I will start off,
In Reading its okay to play willy Conkers with your house mate
In reading its ok to: take the rifle club out on a pub golf and ruin the lot of them! 5 casualties on the course, 2 Bradford survivors still standing!
in reading its ok to cheat on your girlfriend with your male housemate, especially after a bottle of rum!!
In Reading its okay to share a bed with your male house mate to save on electricity
In reading its ok to take photo's of ginger pests who've passed out on the couch with a plate of food on their laps...
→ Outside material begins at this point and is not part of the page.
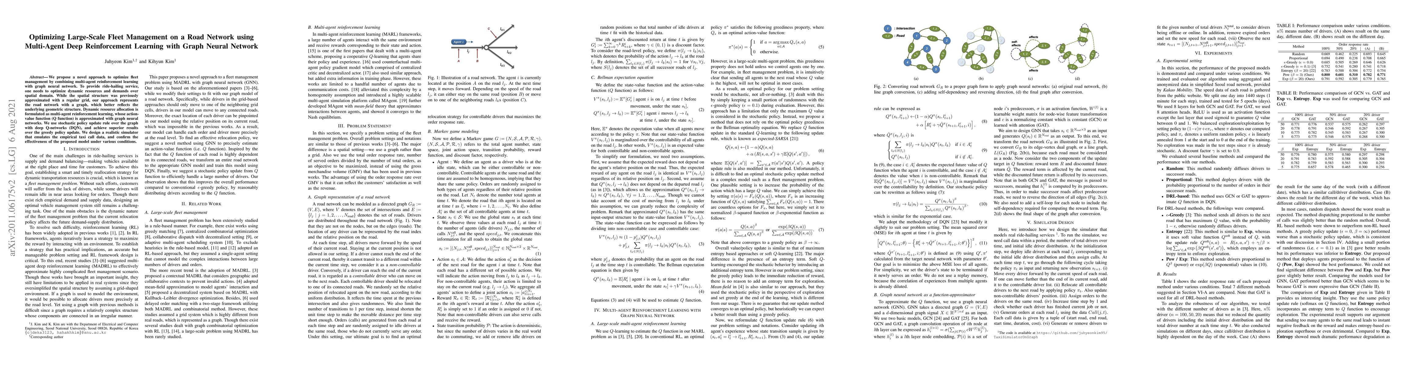 This paper proposes a multi-agent deep reinforcement learning approach with graph neural networks to optimize large-scale fleet management on road networks. It outperforms traditional methods by representing the road network as a graph and using deep Q-networks for dynamic resource allocation.

In Reading its okay to buy an anal trainer to break in your new male house mate
In reading its okay for you to go dogging with your father
IN Reading its okay for you to save on water and bath with your middle aged house mate
in Reading its okay to play Prison and have team showers
In Reading its okay to sleep with seven brides and their seven brothers
In Reading its ok to want to stop the world so you can get off for a while... And go for impromptu pub crawls with cheekie chappies who get ID'd!
In Reading it's ok to openly deal drugs at the end of the street - from an ice cream van
In Reading its ok to keep a Ginger Pe(s)t without having him neutered
In Reading its ok prince Harry in your basement, and replace him with a clone could Tyrel
In Reading it's ok to take an army bunch including a prince of the realm to watch Sando strip.